Toscana
IRAQ, HA GIURATO NUOVO GOVERNO, MA MANCANO ANCORA DA ASSEGNARE CINQUE MINISTERI-CHIAVE
I ministri del nuovo governo iracheno presieduto da Ibrahim al Jaafari hanno giurato questo pomeriggio a Baghdad in una solenne cerimonia organizzata nella cosiddetta Zona verde’, nel cuore della capitale, tra imponenti misure di sicurezza. Mancavano tuttavia all’appello i titolari di cinque dicasteri-chiave (Difesa, Petrolio, Elettricità, Industria e Diritti umani, per ora assegnati ad interim) e uno dei quattro vice-premier, ancora da nominare. È stato proprio Jafari (sciita) a pronunciare per primo la formula, alla presenza del presidente Jaalal Talabani (curdo): Nel nome di Dio clemente e misericordioso, giuro davanti all’altissimo di svolgere le mie funzioni con impegno e fedeltà, e di preservare l’indipendenza, la sovranità, l’integrità e le risorse dell’Iraq, di vegliare sugli interessi del popolo e applicare la legge con rettitudine ed equanimità. Dio è testimone di ciò che dico.
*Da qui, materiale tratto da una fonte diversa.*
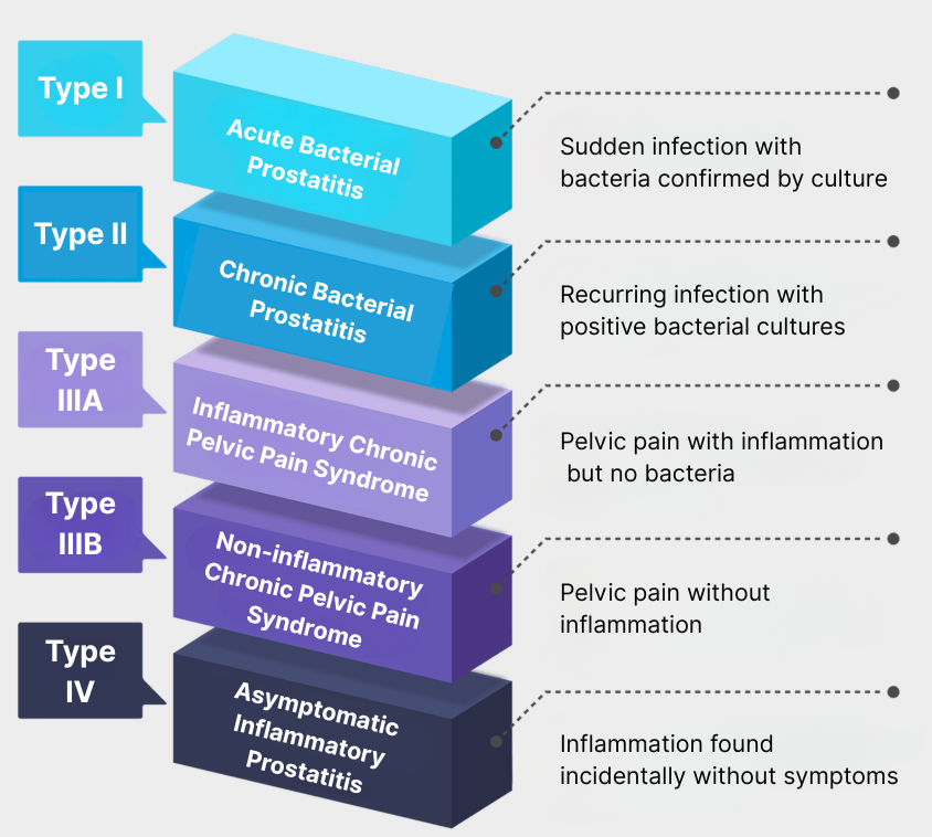 Prostatitis is a disease in which the prostate becomes inflamed and can be classified into bacterial and non-bacterial types. It occurs relatively frequently in younger men, with over 80% of patients aged between 20 and 50. It is a common condition, with about 50% of men experiencing it at least once in their lifetime.

Fonti giornalistiche locali hanno riferito che la cerimonia è stata disertata da molti degli esponenti sunniti di cui si era parlato come possibili nuovi ministri, oltre che dal vice-presidente Ghazi Al Yawar. La giornata si era aperta con l’annuncio, da parte delle forze statunitensi, dell’uccisione di 12 ribelli presumibilmente collegati alla rete di Abu Musab al Zarqawi – considerato il capo di al-Qaida in Iraq nei pressi della città di al-Qaim, alla frontiera con la Siria. La notizia è stata smentita nelle ore successive da un comunicato diffuso via Internet, la cui autenticità non è però verificabile.